Wie in den anderen Diskursen dieser Theoriefamilie ist auch in
interkultureller
Philosophie die Kritik an einem hermeneutischen Monopol des Okzidents
nicht zu übersehen. Von einer Mehrzahl von Traditionen der Philosophie ist die Rede,
aus deren jeweiligen Gesichtspunkten
die Bedeutung und der Sinn anderer Traditionen erfasst werden. Dazu
ein Zitat:
Mall spricht von: einer vierdimensionalen
hermeneutischen Dialektik. Erstens geht es um ein
Selbstverständnis Europas durch Europa. Trotz aller inneren
Unstimmigkeiten hat sich Europa, zum größten Teil unter dem
Einfluß außerphilosophischer Faktoren, den
Nichteuropäern als etwas Einheitliches präsentiert. Zweitens
gibt es das europäische Verstehen der nicht-europäischen
Kulturen, Religionen und Philosophien. Die institutionalisierten
Fächer der Orientalistik und Ethnologie belegen dies. Hegel
(1770-1831) und einige andere gehen von der festen Überzeugung
aus, daß Asien sich selbst nicht ganz richtig versteht, und
Asienverstehen Asienüberwinden bedeutet. Fast eine Art
theoretischer Gewalt ist am Werke, wenn man meint, daß man die
anderen besser versteht als sie sich selbst verstehen. Freilich setzen
wir hier voraus, daß es um gleichberechtigte Diskurspartner geht.

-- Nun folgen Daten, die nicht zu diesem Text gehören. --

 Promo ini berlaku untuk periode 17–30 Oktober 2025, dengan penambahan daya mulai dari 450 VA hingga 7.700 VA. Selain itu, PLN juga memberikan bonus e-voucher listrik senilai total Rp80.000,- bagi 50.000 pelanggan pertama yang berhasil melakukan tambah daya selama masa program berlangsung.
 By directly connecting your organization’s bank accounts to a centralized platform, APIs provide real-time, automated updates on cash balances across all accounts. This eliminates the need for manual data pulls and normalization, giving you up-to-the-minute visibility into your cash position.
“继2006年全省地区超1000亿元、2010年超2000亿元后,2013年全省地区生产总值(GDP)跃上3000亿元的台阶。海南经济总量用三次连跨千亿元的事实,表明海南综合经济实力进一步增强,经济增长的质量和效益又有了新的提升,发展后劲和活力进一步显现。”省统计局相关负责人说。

[…] wurde lange die Ansicht vertreten: Immer wo es eine Geschichte
gibt, gibt es Philosophie. Die Orientalen besitzen eigentlich keine
Geschichte. Folglich gibt es bei ihnen keine Philosophie. Drittens sind da die
nicht-europäischen Kulturkreise, die ihr Selbstverständnis
heute auch selbst vortragen und dies nicht den anderen überlassen.

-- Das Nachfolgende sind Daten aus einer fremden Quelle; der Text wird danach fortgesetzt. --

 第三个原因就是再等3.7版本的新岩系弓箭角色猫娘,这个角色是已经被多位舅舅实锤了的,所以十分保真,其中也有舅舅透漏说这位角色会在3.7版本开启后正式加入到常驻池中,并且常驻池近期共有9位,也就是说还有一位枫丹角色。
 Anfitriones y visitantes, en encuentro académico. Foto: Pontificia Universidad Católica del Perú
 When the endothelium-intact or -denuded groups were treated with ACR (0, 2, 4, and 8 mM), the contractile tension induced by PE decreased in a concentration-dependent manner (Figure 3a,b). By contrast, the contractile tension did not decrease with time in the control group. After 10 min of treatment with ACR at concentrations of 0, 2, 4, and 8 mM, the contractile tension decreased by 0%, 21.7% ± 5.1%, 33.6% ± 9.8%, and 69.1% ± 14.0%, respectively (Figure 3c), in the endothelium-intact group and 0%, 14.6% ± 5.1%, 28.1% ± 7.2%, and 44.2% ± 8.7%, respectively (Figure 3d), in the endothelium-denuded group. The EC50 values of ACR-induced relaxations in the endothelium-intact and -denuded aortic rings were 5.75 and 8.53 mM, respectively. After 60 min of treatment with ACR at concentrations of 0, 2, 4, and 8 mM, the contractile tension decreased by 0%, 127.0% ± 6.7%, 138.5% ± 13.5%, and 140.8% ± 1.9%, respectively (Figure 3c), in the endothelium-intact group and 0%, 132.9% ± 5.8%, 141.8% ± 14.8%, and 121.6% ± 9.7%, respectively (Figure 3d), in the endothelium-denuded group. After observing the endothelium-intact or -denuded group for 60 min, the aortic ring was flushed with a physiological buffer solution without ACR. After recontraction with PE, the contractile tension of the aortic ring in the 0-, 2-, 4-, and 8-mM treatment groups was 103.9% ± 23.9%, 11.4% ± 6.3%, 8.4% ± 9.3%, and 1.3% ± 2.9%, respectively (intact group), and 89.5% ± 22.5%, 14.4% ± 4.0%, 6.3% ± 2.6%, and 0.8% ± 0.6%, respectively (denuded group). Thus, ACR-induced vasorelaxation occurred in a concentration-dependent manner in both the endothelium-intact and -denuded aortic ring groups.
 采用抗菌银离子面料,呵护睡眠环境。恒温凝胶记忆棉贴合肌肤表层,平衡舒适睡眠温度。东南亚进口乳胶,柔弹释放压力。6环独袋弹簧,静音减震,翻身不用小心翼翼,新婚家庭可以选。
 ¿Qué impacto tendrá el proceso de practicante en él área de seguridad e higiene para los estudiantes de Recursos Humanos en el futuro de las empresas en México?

Viertens ist da das Verstehen Europas durch die
außereuropäischen Kulturen. In dieser Situation stellt sich
die Frage: Wer versteht wen, wie und warum am besten? Es mag Europa
überraschen, daß Europa heute interpretierbar geworden ist. So verlangt die de facto
existierende hermeneutische Situation nach einer Philosophie der
Hermeneutik, die offen genug ist, um die Traditionsgebundenheit
einzusehen, auch die des eigenen Standpunkts. Eine interkulturell
orientierte hermeneutische Philosophie muß die Forderung nach
einer Theorie erfüllen, nach der weder die Welt, mit der wir uns
auseinandersetzen, noch die Begriffe, Methoden, Auffassungen und
Systeme, die wir dabei entwickeln, historisch untervänderliche,
apriorische Größen darstellen. (R.A. Mall:
Interkulturelle Philosophie und die Idee der
Toleranz. In: Yousefi
(Hg.): Die Idee der Toleranz in der interkulturellen Philosophie 2003,
S. 86f)
Eines der Motive hinter der "kulturalistischen Wende" in der
Philosophie überhaupt und hinter den Bemühungen um eine
Philosophie "in interkultureller Orientierung" liegt darin, dass
Wertkonflikte in modernen Gesellschaften auftreten, die zumindest
teilweise aus unterschiedlichen philosophischen Traditionen
begründet werden. Auffallende Beispiele - aber keineswegs die
einzigen - finden sich in den Diskursen über Menschenrechte.
Ob Philosophie in einer aktiven und gegenseitig fruchtbaren Begegnung
der Kulturen etwas beizutragen habe, ist die eine Grundfrage der
interkulturellen Philosophie. Die andere Grundfrage ist, ob Philosophie
überhaupt möglich ist, wenn sie die Tatsache ignoriert, dass
jedes Denken und jeder Ausdruck des Denkens nur mit den Mitteln eines
kulturell in bestimmter Weise geprägten Systems stattfinden kann.
Es ist eine für jede Argumentation ärgerliche Tatsache, dass
es nicht eine und nicht eine endgültig angemessene Sprache,
Kulturtradition und Denkform des Philosophierens gibt, sondern viele,
und dass jede davon kultürlich ist, keine darunter natürlich.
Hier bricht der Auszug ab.